Work to complete: Below are the entries; set down each of them exactly.

[Extracted records]
=== Begin Enclosure ===

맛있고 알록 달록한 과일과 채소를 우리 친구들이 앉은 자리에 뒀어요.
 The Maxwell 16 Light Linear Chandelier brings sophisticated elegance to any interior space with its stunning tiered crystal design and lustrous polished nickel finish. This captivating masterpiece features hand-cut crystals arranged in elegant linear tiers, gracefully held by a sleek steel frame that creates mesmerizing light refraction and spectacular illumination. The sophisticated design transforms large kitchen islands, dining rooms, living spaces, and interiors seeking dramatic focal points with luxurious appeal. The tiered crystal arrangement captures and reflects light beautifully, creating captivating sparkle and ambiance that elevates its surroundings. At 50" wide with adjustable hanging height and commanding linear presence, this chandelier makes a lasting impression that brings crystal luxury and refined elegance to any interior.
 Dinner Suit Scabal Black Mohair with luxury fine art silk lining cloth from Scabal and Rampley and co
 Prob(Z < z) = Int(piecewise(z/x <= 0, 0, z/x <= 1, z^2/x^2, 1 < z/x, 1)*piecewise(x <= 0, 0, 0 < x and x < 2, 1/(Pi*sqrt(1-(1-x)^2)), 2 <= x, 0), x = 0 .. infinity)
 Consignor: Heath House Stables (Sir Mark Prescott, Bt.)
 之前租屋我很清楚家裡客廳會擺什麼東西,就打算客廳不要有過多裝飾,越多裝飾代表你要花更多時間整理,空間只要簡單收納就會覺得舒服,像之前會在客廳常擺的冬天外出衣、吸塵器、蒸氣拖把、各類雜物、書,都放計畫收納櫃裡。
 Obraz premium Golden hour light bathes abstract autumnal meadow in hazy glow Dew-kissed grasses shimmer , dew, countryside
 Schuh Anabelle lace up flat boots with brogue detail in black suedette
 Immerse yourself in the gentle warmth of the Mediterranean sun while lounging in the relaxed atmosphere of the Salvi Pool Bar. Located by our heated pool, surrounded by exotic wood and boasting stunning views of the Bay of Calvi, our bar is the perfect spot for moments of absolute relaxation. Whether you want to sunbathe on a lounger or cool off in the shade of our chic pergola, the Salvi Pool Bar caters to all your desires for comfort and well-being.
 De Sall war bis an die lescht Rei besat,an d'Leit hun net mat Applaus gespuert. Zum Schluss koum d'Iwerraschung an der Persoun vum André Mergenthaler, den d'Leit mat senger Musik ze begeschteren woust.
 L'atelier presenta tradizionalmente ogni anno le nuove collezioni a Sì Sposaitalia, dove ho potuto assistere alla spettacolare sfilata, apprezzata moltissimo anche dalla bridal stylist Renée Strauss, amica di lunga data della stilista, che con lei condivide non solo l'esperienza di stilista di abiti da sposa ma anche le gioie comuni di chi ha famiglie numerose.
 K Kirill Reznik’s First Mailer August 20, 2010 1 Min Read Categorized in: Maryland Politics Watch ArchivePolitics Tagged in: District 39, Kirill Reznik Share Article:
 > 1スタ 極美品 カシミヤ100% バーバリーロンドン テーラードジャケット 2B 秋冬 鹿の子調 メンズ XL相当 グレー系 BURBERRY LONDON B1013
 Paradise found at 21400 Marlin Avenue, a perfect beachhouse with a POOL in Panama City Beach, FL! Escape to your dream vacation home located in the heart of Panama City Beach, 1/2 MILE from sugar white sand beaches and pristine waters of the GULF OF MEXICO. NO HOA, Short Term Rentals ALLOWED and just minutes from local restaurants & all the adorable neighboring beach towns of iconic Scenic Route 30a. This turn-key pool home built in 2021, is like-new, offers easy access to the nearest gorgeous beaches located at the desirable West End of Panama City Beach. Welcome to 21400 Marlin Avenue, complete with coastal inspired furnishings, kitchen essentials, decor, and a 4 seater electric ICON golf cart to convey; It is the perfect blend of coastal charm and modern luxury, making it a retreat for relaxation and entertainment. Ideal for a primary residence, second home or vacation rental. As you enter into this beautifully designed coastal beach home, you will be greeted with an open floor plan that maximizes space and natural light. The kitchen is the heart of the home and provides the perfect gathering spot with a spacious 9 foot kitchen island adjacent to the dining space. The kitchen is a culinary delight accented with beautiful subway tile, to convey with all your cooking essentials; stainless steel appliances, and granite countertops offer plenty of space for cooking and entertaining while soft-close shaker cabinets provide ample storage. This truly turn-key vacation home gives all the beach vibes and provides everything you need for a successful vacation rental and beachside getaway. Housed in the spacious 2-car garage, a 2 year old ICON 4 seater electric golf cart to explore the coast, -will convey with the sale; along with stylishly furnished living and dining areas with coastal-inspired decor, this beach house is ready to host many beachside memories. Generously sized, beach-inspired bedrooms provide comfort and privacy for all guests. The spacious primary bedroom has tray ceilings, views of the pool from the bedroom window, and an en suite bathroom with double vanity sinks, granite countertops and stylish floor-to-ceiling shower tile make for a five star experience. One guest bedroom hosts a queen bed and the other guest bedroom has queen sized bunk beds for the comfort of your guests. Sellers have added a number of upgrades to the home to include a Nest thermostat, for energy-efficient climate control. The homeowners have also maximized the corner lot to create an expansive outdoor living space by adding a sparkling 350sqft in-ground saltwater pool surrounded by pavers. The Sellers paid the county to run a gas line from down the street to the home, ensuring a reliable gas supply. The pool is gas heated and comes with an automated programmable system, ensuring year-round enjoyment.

=== End Enclosure ===

Solution for this exercise:
맛있고 알록 달록한 과일과 채소를 우리 친구들이 앉은 자리에 뒀어요.
 The Maxwell 16 Light Linear Chandelier brings sophisticated elegance to any interior space with its stunning tiered crystal design and lustrous polished nickel finish. This captivating masterpiece features hand-cut crystals arranged in elegant linear tiers, gracefully held by a sleek steel frame that creates mesmerizing light refraction and spectacular illumination. The sophisticated design transforms large kitchen islands, dining rooms, living spaces, and interiors seeking dramatic focal points with luxurious appeal. The tiered crystal arrangement captures and reflects light beautifully, creating captivating sparkle and ambiance that elevates its surroundings. At 50" wide with adjustable hanging height and commanding linear presence, this chandelier makes a lasting impression that brings crystal luxury and refined elegance to any interior.
 Dinner Suit Scabal Black Mohair with luxury fine art silk lining cloth from Scabal and Rampley and co
 Prob(Z < z) = Int(piecewise(z/x <= 0, 0, z/x <= 1, z^2/x^2, 1 < z/x, 1)*piecewise(x <= 0, 0, 0 < x and x < 2, 1/(Pi*sqrt(1-(1-x)^2)), 2 <= x, 0), x = 0 .. infinity)
 Consignor: Heath House Stables (Sir Mark Prescott, Bt.)
 之前租屋我很清楚家裡客廳會擺什麼東西,就打算客廳不要有過多裝飾,越多裝飾代表你要花更多時間整理,空間只要簡單收納就會覺得舒服,像之前會在客廳常擺的冬天外出衣、吸塵器、蒸氣拖把、各類雜物、書,都放計畫收納櫃裡。
 Obraz premium Golden hour light bathes abstract autumnal meadow in hazy glow Dew-kissed grasses shimmer , dew, countryside
 Schuh Anabelle lace up flat boots with brogue detail in black suedette
 Immerse yourself in the gentle warmth of the Mediterranean sun while lounging in the relaxed atmosphere of the Salvi Pool Bar. Located by our heated pool, surrounded by exotic wood and boasting stunning views of the Bay of Calvi, our bar is the perfect spot for moments of absolute relaxation. Whether you want to sunbathe on a lounger or cool off in the shade of our chic pergola, the Salvi Pool Bar caters to all your desires for comfort and well-being.
 De Sall war bis an die lescht Rei besat,an d'Leit hun net mat Applaus gespuert. Zum Schluss koum d'Iwerraschung an der Persoun vum André Mergenthaler, den d'Leit mat senger Musik ze begeschteren woust.
 L'atelier presenta tradizionalmente ogni anno le nuove collezioni a Sì Sposaitalia, dove ho potuto assistere alla spettacolare sfilata, apprezzata moltissimo anche dalla bridal stylist Renée Strauss, amica di lunga data della stilista, che con lei condivide non solo l'esperienza di stilista di abiti da sposa ma anche le gioie comuni di chi ha famiglie numerose.
 K Kirill Reznik’s First Mailer August 20, 2010 1 Min Read Categorized in: Maryland Politics Watch ArchivePolitics Tagged in: District 39, Kirill Reznik Share Article:
 > 1スタ 極美品 カシミヤ100% バーバリーロンドン テーラードジャケット 2B 秋冬 鹿の子調 メンズ XL相当 グレー系 BURBERRY LONDON B1013
 Paradise found at 21400 Marlin Avenue, a perfect beachhouse with a POOL in Panama City Beach, FL! Escape to your dream vacation home located in the heart of Panama City Beach, 1/2 MILE from sugar white sand beaches and pristine waters of the GULF OF MEXICO. NO HOA, Short Term Rentals ALLOWED and just minutes from local restaurants & all the adorable neighboring beach towns of iconic Scenic Route 30a. This turn-key pool home built in 2021, is like-new, offers easy access to the nearest gorgeous beaches located at the desirable West End of Panama City Beach. Welcome to 21400 Marlin Avenue, complete with coastal inspired furnishings, kitchen essentials, decor, and a 4 seater electric ICON golf cart to convey; It is the perfect blend of coastal charm and modern luxury, making it a retreat for relaxation and entertainment. Ideal for a primary residence, second home or vacation rental. As you enter into this beautifully designed coastal beach home, you will be greeted with an open floor plan that maximizes space and natural light. The kitchen is the heart of the home and provides the perfect gathering spot with a spacious 9 foot kitchen island adjacent to the dining space. The kitchen is a culinary delight accented with beautiful subway tile, to convey with all your cooking essentials; stainless steel appliances, and granite countertops offer plenty of space for cooking and entertaining while soft-close shaker cabinets provide ample storage. This truly turn-key vacation home gives all the beach vibes and provides everything you need for a successful vacation rental and beachside getaway. Housed in the spacious 2-car garage, a 2 year old ICON 4 seater electric golf cart to explore the coast, -will convey with the sale; along with stylishly furnished living and dining areas with coastal-inspired decor, this beach house is ready to host many beachside memories. Generously sized, beach-inspired bedrooms provide comfort and privacy for all guests. The spacious primary bedroom has tray ceilings, views of the pool from the bedroom window, and an en suite bathroom with double vanity sinks, granite countertops and stylish floor-to-ceiling shower tile make for a five star experience. One guest bedroom hosts a queen bed and the other guest bedroom has queen sized bunk beds for the comfort of your guests. Sellers have added a number of upgrades to the home to include a Nest thermostat, for energy-efficient climate control. The homeowners have also maximized the corner lot to create an expansive outdoor living space by adding a sparkling 350sqft in-ground saltwater pool surrounded by pavers. The Sellers paid the county to run a gas line from down the street to the home, ensuring a reliable gas supply. The pool is gas heated and comes with an automated programmable system, ensuring year-round enjoyment.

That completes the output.